• [Data provided]
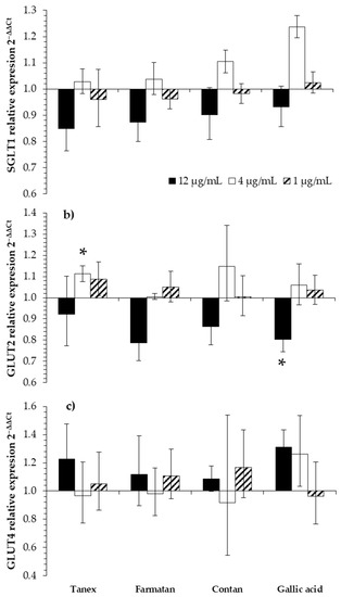 The expression of GLUT2 was also modulated in two distinct ways (Figure 2b). Gallic acid (12 µg/mL) significantly downregulated GLUT2 expression by 20% (p ≤ 0.05) compared with the respective control. However, Farmatan and Contan at 12 µg/mL also downregulated the expression of GLUT2 by 21% and 14%, respectively. Gallic acid significantly reduced (p ≤ 0.05) GLUT2 expression by 20% at the same concentration, while 4 µg/mL of Tanex significantly upregulated the expression of GLUT2 by 11% (p ≤ 0.05). At a concentration of 1 µg/mL, no notable impact of the wood extracts was determined. Concentrations of 4 and 1 μg/mL had a positive effect on the expression of GLUT2.
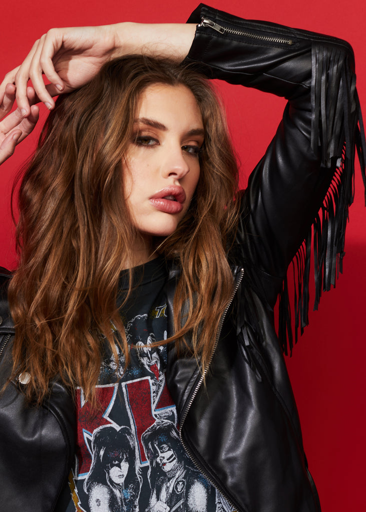 Modern, vielseitig und cool: Die Lederimitatjacke überzeugt auf den ersten Blick. Einen enormen Style-Faktor erhält das Key-Piece dank der raffinierten Fransen auf der Vorder-und Rückseite, die der Kurzjacke ein Western Flair verleihen.
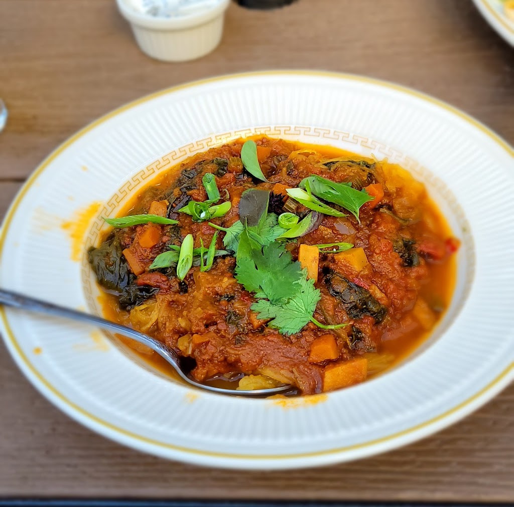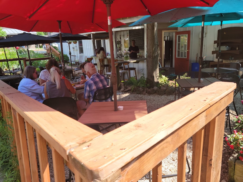 The food was fresh and flavorful. There is a true chef in the kitchen and it shows. We had soup, salad, sandwhich w/multiple very complimentary meats, which sounds odd but not if you eat that awesome sandwhich, and a falafel sandwhich. I don't like much falafel and from what i tried it was very good. The atmosphere and service was also excellent. Had i known of this place beforehand I would have carved out more time to just be there, the patio was peaceful and beautiful. Flowers and herbs abound around and there is a m'f'n waterwheel! Super charming.

• [What is needed] What is needed is the data above, retyped exactly, with every picture left out.

• [Result of this exercise]
 The expression of GLUT2 was also modulated in two distinct ways (Figure 2b). Gallic acid (12 µg/mL) significantly downregulated GLUT2 expression by 20% (p ≤ 0.05) compared with the respective control. However, Farmatan and Contan at 12 µg/mL also downregulated the expression of GLUT2 by 21% and 14%, respectively. Gallic acid significantly reduced (p ≤ 0.05) GLUT2 expression by 20% at the same concentration, while 4 µg/mL of Tanex significantly upregulated the expression of GLUT2 by 11% (p ≤ 0.05). At a concentration of 1 µg/mL, no notable impact of the wood extracts was determined. Concentrations of 4 and 1 μg/mL had a positive effect on the expression of GLUT2.
 Modern, vielseitig und cool: Die Lederimitatjacke überzeugt auf den ersten Blick. Einen enormen Style-Faktor erhält das Key-Piece dank der raffinierten Fransen auf der Vorder-und Rückseite, die der Kurzjacke ein Western Flair verleihen.
 The food was fresh and flavorful. There is a true chef in the kitchen and it shows. We had soup, salad, sandwhich w/multiple very complimentary meats, which sounds odd but not if you eat that awesome sandwhich, and a falafel sandwhich. I don't like much falafel and from what i tried it was very good. The atmosphere and service was also excellent. Had i known of this place beforehand I would have carved out more time to just be there, the patio was peaceful and beautiful. Flowers and herbs abound around and there is a m'f'n waterwheel! Super charming.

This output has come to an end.